Cómo se presenta y por qué

En la historia clínica retrospectiva de cada paciente suele no advertirse puntualmente cuál ha sido la acción que convierte al tratamiento de una enfermedad en el encarnizamiento propiamente dicho, sino que se asiste al registro de una sucesiva toma de decisiones que puede comenzar cuando inicialmente no se asume completamente la no utilización de todo intento terapéutico en una enfermedad irreversible o irrecuperable.

Consecuentemente el imprudente traslado de un paciente a una unidad de terapia intensiva constituye por si misma la posibilidad de ser sometido a todo un apoyo tecnológico generador de la situación aunque ésta no haya sido la intención inicial. Luego de una equivocada primera acción inicial se desencadenarán posteriormente la aplicación sucesiva de muchas otras que se imbricarán en la evolución hasta llegar al reemplazo de funciones vitales con el uso de respiradores mecánicos ,hemodializadores, soporte hemodinámico, alimentación parenteral y otras.

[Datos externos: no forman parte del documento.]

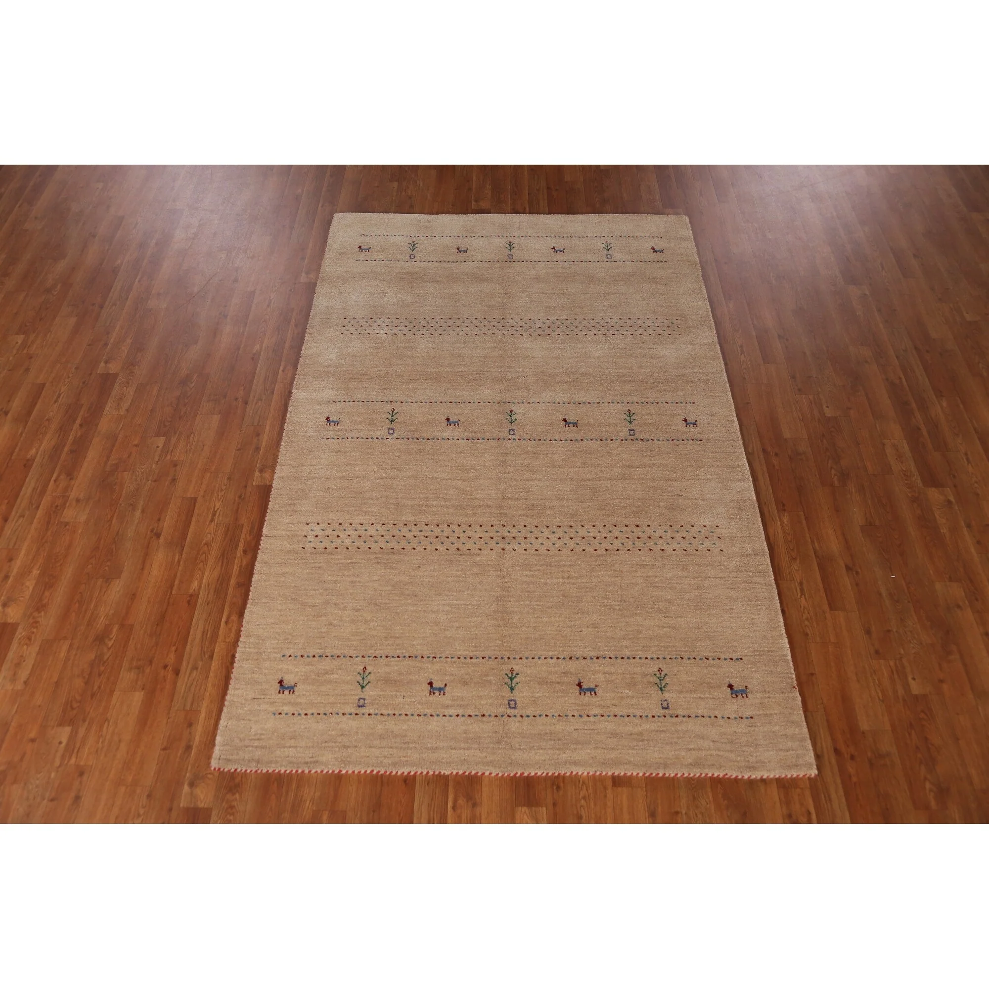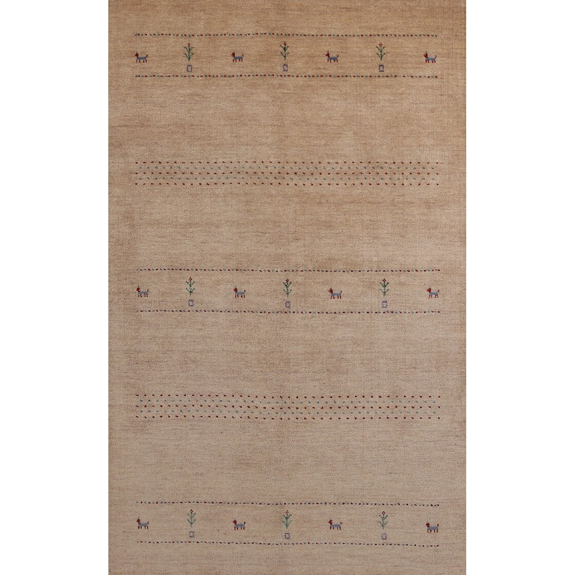 Little Animals Camel Gabbeh Indian Area Rug Handmade Wool Carpet - 5'0" x 7'8"

Nos parece adecuado analizar con cierto detalle cuatro aspectos que participan de diverso modo y con distinto grado de importancia en la aparición de este complejo fenómeno constituyendo lo que puede llamarse, abusando de la medicalización del lenguaje, su fisiopatología. Estos son: la incorporación del progreso tecnológico en el diagnóstico y el tratamiento, la sacralización de la vida, la omnipotencia de la medicina y la ausencia de una toma de decisión unívoca.

Incorporación del progreso tecnológico en el diagnóstico y el tratamiento

La aplicación del progreso en el conocimiento biológico básico y del avance tecnológico en la práctica médica cambió la historia del tratamiento de numerosas enfermedades, permitió el abordaje de numerosos estados patológicos y constituyó el eje de los grandes avances de este siglo en este campo. Los procedimientos quirúrgicos más riesgosos, los tratamientos quimioterápicos y otras terapéuticas con alta sofisticación y riesgo pueden ser realizados por la existencia de salas de cuidado intensivo donde se puede mantener el paciente en condiciones óptimas de cuidado, control y hasta de sustitución de las funciones vitales. Los resultados de este progreso han sido notables y así ha sido reconocido por la sociedad aunque la eventual indicación de todos los procedimientos no siempre serán exitosos, porque su extensión a pacientes con pronóstico más sombrío y la aparición de ciertas complicaciones con excesivo sufrimiento conducen a situaciones que implican una calidad de vida por debajo de los mínimos esperados y deseados (5).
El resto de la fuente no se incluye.